## What you have to do
Your answer must be only the lines below from the one containing "Kalíšek s olivíny" through the one containing "Photo of two", copied exactly, with the pictures left out.

## Dataset records
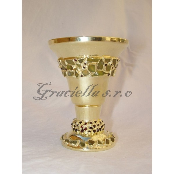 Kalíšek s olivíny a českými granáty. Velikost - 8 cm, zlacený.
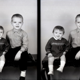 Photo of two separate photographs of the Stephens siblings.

* * *

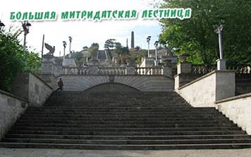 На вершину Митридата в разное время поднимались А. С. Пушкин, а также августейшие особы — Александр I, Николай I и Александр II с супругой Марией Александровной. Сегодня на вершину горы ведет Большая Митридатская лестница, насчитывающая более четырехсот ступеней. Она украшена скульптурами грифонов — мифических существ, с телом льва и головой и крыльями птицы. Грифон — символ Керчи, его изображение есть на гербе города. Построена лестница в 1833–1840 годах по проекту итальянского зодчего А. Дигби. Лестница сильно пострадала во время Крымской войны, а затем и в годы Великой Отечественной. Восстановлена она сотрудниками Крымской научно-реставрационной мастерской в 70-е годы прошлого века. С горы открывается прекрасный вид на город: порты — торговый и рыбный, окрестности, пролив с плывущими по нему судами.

## Problem solution
 Kalíšek s olivíny a českými granáty. Velikost - 8 cm, zlacený.
 Photo of two separate photographs of the Stephens siblings.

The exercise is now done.